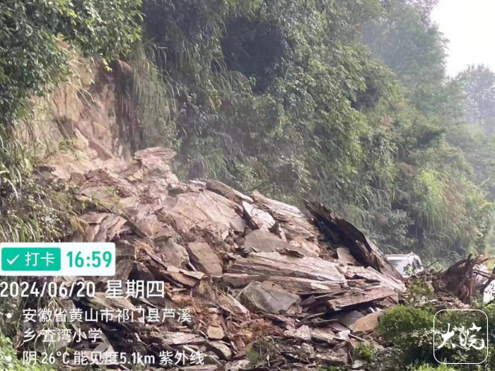 6月20日12时,黄山市祁门县芦溪乡查湾村灾害风险隐患信息报送员李加强、胡亚霖在巡查时发现,该村前往尚田村民组路边山体有碎石滑落现象且整个山体底部有空洞。因降雨还在继续,随时会有大面积滑坡现象。两名灾害风险隐患信息报送员立即将该处隐患向芦溪乡政府报告,同时拉设警戒线,安排人员在道路两边执勤值守,提醒过往人员注意安全。16时左右,该路段碎石开始持续滑落,执勤人员立即制止过往行人和车辆通行。16时50分出现大面积滑坡,直接覆盖道路阻断交通。由于降雨仍在继续,随时可能发生滑坡,清理存在安全隐患,芦溪乡政府安排专人对此地进行24小时值班值守。21日上午7时芦溪乡政府安排人员加紧对该处滑坡进行清理,11时30分清理完毕恢复道路畅通。由于隐患发现早,乡政府应对及时,未出现人员伤亡和财产损失。
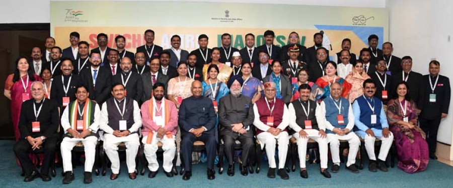 नई दिल्ली। राष्ट्रपति रामनाथ कोविंद ने आज आवास एवं शहरी कार्य मंत्रालय के आयोजित स्वच्छ अमृत महोत्सव को संबोधित किया और स्वच्छ सर्वेक्षण पुरस्कार 2021 प्रदान किए। राष्ट्रपति ने इस अवसर पर कहाकि इस वर्ष के स्वच्छ सर्वेक्षण पुरस्कारों का विशेष महत्व है, क्योंकि हम आजादी का अमृत महोत्सव मना रहे हैं। उन्होंने कहाकि महात्मा गांधी कहा करते थेकि सफाई ईश्वर की भक्ति के समान है, उनके अनुसार स्वच्छता सर्वोच्च प्राथमिकता होनी चाहिए। राष्ट्रपति ने कहाकि गांधीजी की इस प्राथमिकता को भारत सरकार ने स्वच्छ भारत मिशन के माध्यम से एक जन आंदोलन के रूपमें आगे बढ़ाया है। उन्होंने कहाकि देश को पूरी तरह से स्वच्छ और साफ-सुथरा बनाने के हमारे प्रयास हमारे स्वतंत्रता सेनानियों को सच्ची श्रद्धांजलि है। राष्ट्रपति ने कहाकि सफाई मित्रों और सफाई कर्मचारियों ने कोविड महामारी के दौरान भी लगातार अपनी सेवाएं दी हैं।
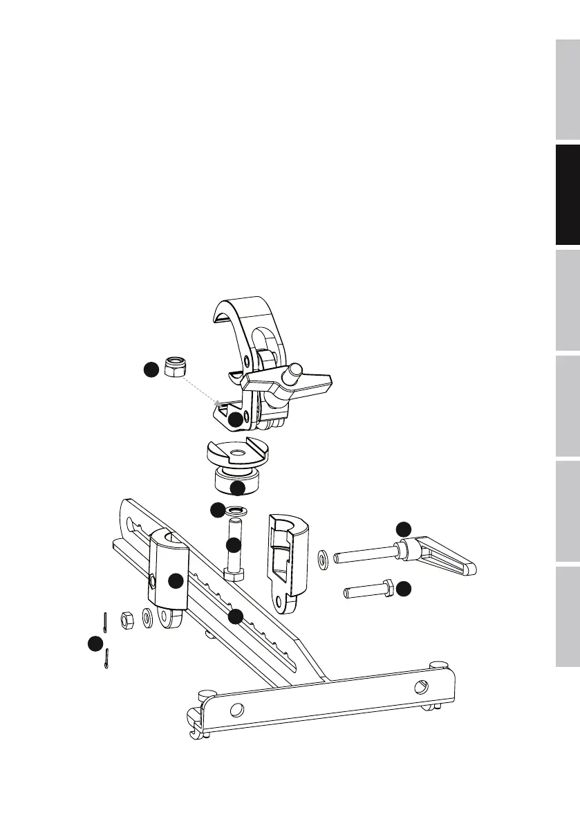 führen die Schraube mit der Federscheibe durch das Gußstück in die Traversenklemme (siehe Zeichnung).
┄┄┄┄┄┄┄┄┄┄┄┄┄┄┄┄┄┄┄┄
> [EXERCISE]: Here the lines from the one containing "नई दिल्ली। राष्ट्रपति" through the end of the material are to be copied exactly, with the pictures omitted.

> [RESULT]:
 नई दिल्ली। राष्ट्रपति रामनाथ कोविंद ने आज आवास एवं शहरी कार्य मंत्रालय के आयोजित स्वच्छ अमृत महोत्सव को संबोधित किया और स्वच्छ सर्वेक्षण पुरस्कार 2021 प्रदान किए। राष्ट्रपति ने इस अवसर पर कहाकि इस वर्ष के स्वच्छ सर्वेक्षण पुरस्कारों का विशेष महत्व है, क्योंकि हम आजादी का अमृत महोत्सव मना रहे हैं। उन्होंने कहाकि महात्मा गांधी कहा करते थेकि सफाई ईश्वर की भक्ति के समान है, उनके अनुसार स्वच्छता सर्वोच्च प्राथमिकता होनी चाहिए। राष्ट्रपति ने कहाकि गांधीजी की इस प्राथमिकता को भारत सरकार ने स्वच्छ भारत मिशन के माध्यम से एक जन आंदोलन के रूपमें आगे बढ़ाया है। उन्होंने कहाकि देश को पूरी तरह से स्वच्छ और साफ-सुथरा बनाने के हमारे प्रयास हमारे स्वतंत्रता सेनानियों को सच्ची श्रद्धांजलि है। राष्ट्रपति ने कहाकि सफाई मित्रों और सफाई कर्मचारियों ने कोविड महामारी के दौरान भी लगातार अपनी सेवाएं दी हैं।
 führen die Schraube mit der Federscheibe durch das Gußstück in die Traversenklemme (siehe Zeichnung).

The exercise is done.